🤖 AI Summary
To address the performance bottleneck in industrial anomaly detection caused by the scarcity of real defective samples, this paper proposes a novel paradigm for efficient synthetic image utilization. Methodologically, we introduce a retrieval-based filtering mechanism that integrates text-guided image-to-image translation with content-aware image retrieval to identify highly relevant defective regions. Furthermore, we design a two-stage training framework: (1) low-cost rule-based pretraining—injecting noise or patches—and (2) retrieval-augmented fine-tuning of a diffusion model. This approach significantly enhances both the photorealism and task-specific fidelity of synthesized defect images. Evaluated on the MVTec AD benchmark, our method achieves state-of-the-art detection accuracy while reducing the cost of generating high-quality defect images by approximately 60%, thereby achieving a synergistic optimization of effectiveness and efficiency.
📝 Abstract
Anomaly detection plays a vital role in industrial manufacturing.
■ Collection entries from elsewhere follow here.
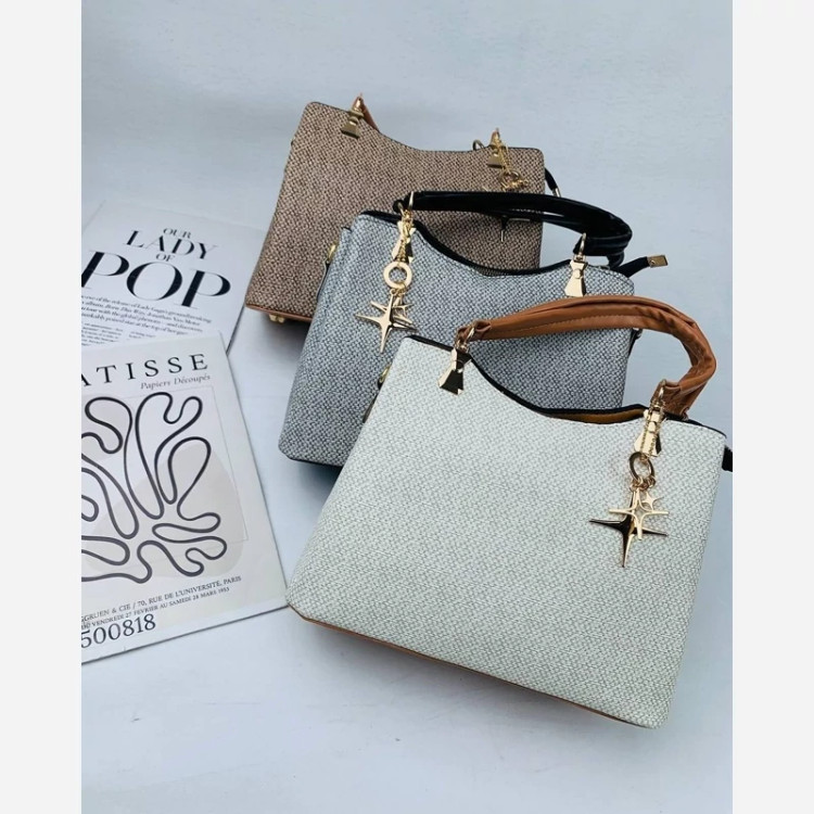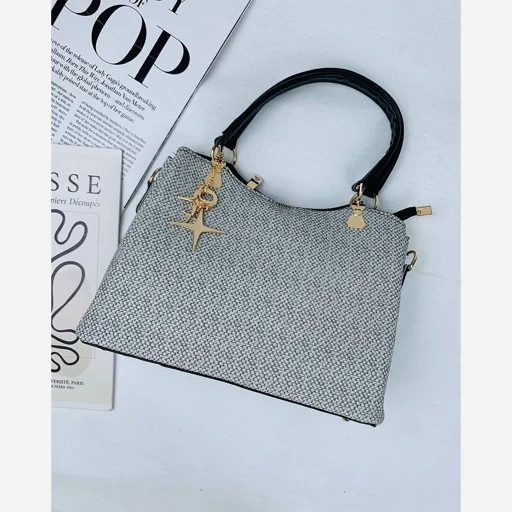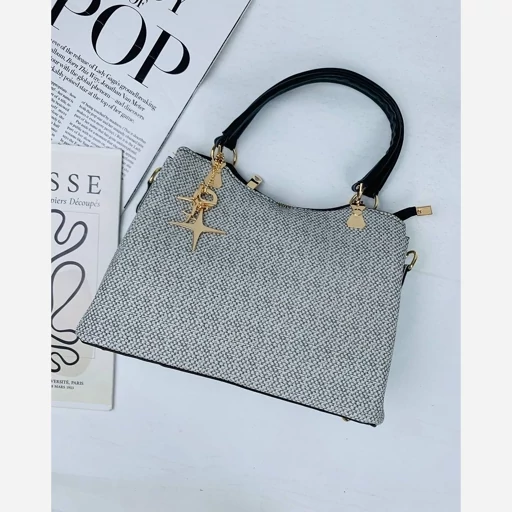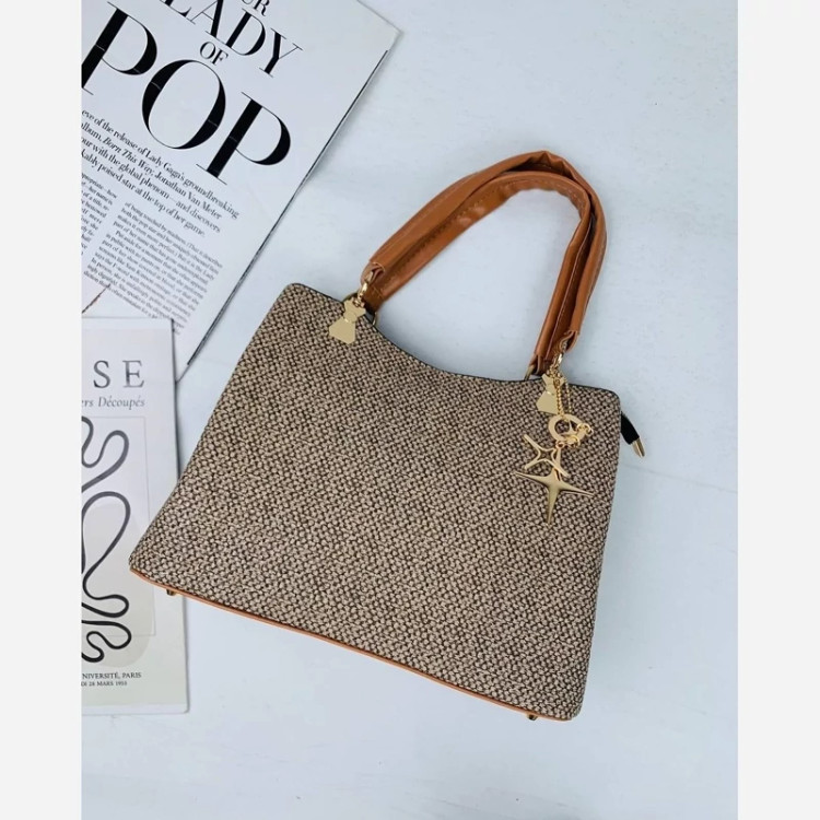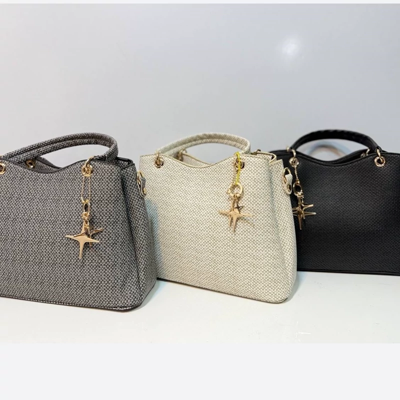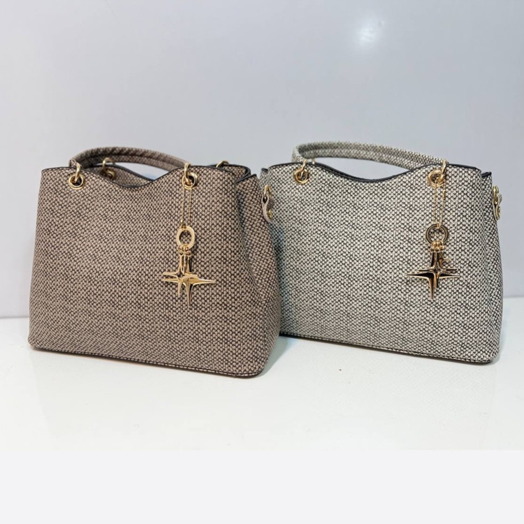 کیف دستی دوشی زنانه سه خونه مدل آویز رینگ دار طرح کنف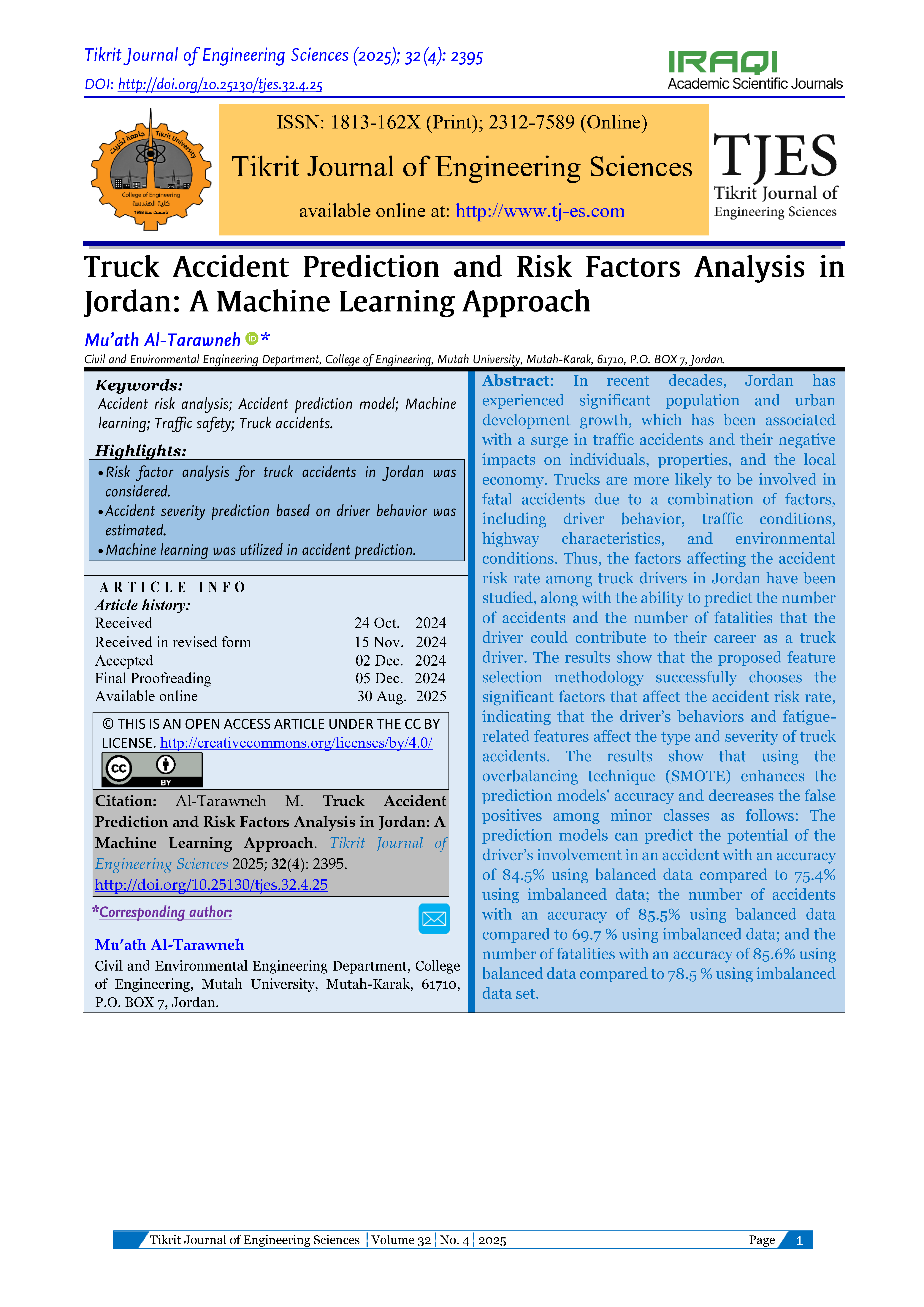 Truck Accident Prediction and Risk Factors Analysis in Jordan: A Machine Learning Approach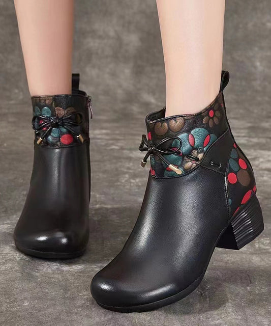 Comfortable Splicing Boots Black Retro Print Cowhide Leather ML1703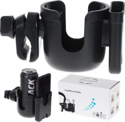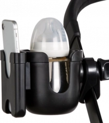 Držač za boce i telefon idealan je izbor ako želite imati napitak i telefon uvijek pri ruci. Univerzalnost i jednostavna montaža čine ga nezamjenjivim pomoćnikom za roditelje na putu. Dizajniran je da se uklopi kako na kolica, tako i na bicikl ili primjerice na hodalicu.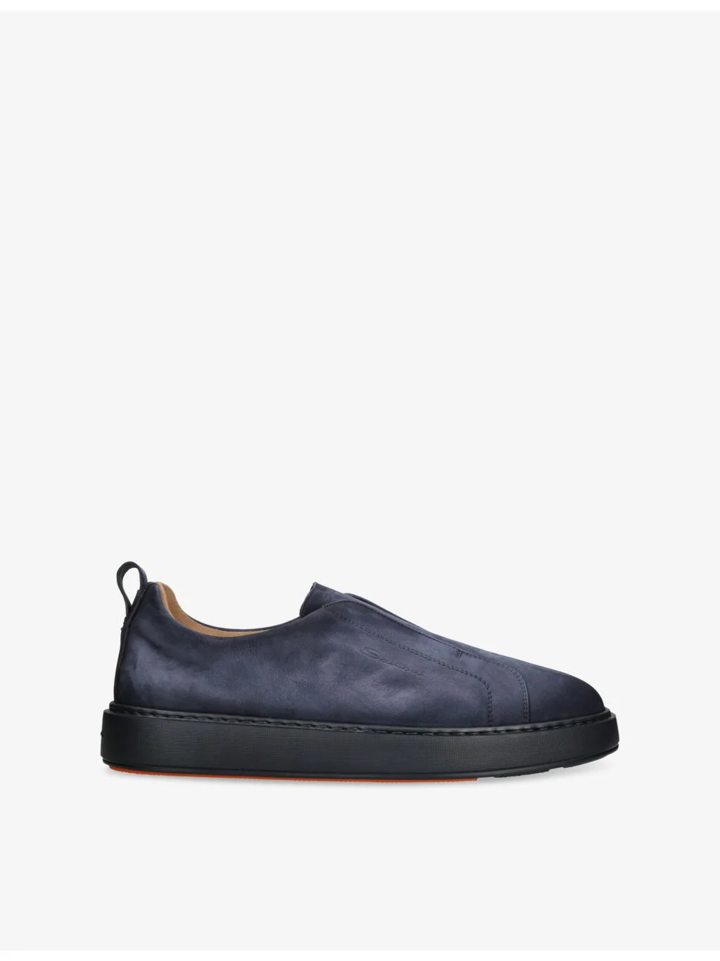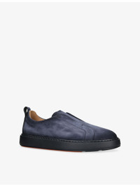 PRODUCT DETAILS - Santoni nubuck-leather trainers - 100% leather - Closed round toe, low-top silhouette, embossed branding at side and tongue, pull-tab at back, rubber cupsole - Specialist leather clean - Made in Italy - Upper: 100% leather - Lining: 100% leather - Sole: 100% rubber Ref: R04473810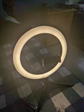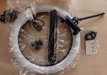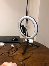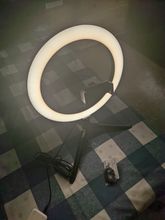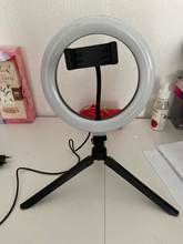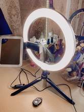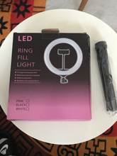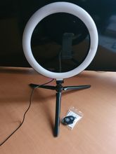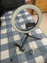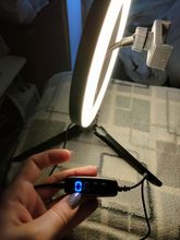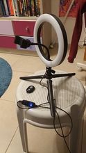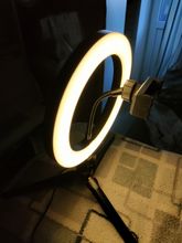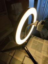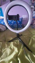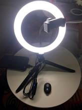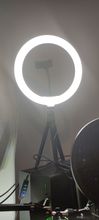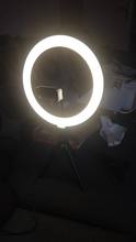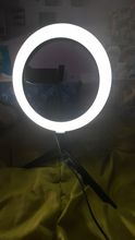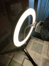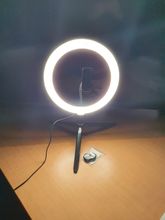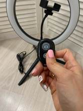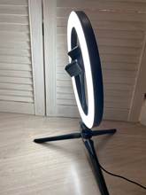 The LED desk lamp was packed with a lamp in a pu bag and a branded box, a tripod separately into a package and a box. During transportation, nothing was damaged and not scratched! Now about the self-contained lamp with a tripod. Tripod long 16 cm. Ring lamp: 26 cm. Everything is going easily and quickly. Power: 10 W. In the kit of the ideöt remote with the battery, which easily contacts with any smartphone via Bluetooth. Light Transmission: white lamp, warm lamp, soft lamp Material: aluminum, Polycarbonate. (so the tripod is very left-handed and if desired, it is fashionable to take with soboi) Dimming range: 1%-100% Color temperature: 3200K-5600K Usage: photography lamp, makeup lamp, streaming video, just for all that sharing shower, such as take video. You can adjust the light, make it brighter or vice versa. The lamp and tripod are very high quality. Madly happy with the purchase! Such in our city are much more expensive! Несомнdenn

Due to the scarcity of real defect images, unsupervised approaches that rely solely on normal images have been extensively studied. Recently, diffusion-based generative models brought attention to training data synthesis as an alternative solution. In this work, we focus on a strategy to effectively leverage synthetic images to maximize the anomaly detection performance. Previous synthesis strategies are broadly categorized into two groups, presenting a clear trade-off. Rule-based synthesis, such as injecting noise or pasting patches, is cost-effective but often fails to produce realistic defect images. On the other hand, generative model-based synthesis can create high-quality defect images but requires substantial cost. To address this problem, we propose a novel framework that leverages a pre-trained text-guided image-to-image translation model and image retrieval model to efficiently generate synthetic defect images. Specifically, the image retrieval model assesses the similarity of the generated images to real normal images and filters out irrelevant outputs, thereby enhancing the quality and relevance of the generated defect images. To effectively leverage synthetic images, we also introduce a two stage training strategy. In this strategy, the model is first pre-trained on a large volume of images from rule-based synthesis and then fine-tuned on a smaller set of high-quality images. This method significantly reduces the cost for data collection while improving the anomaly detection performance. Experiments on the MVTec AD dataset demonstrate the effectiveness of our approach.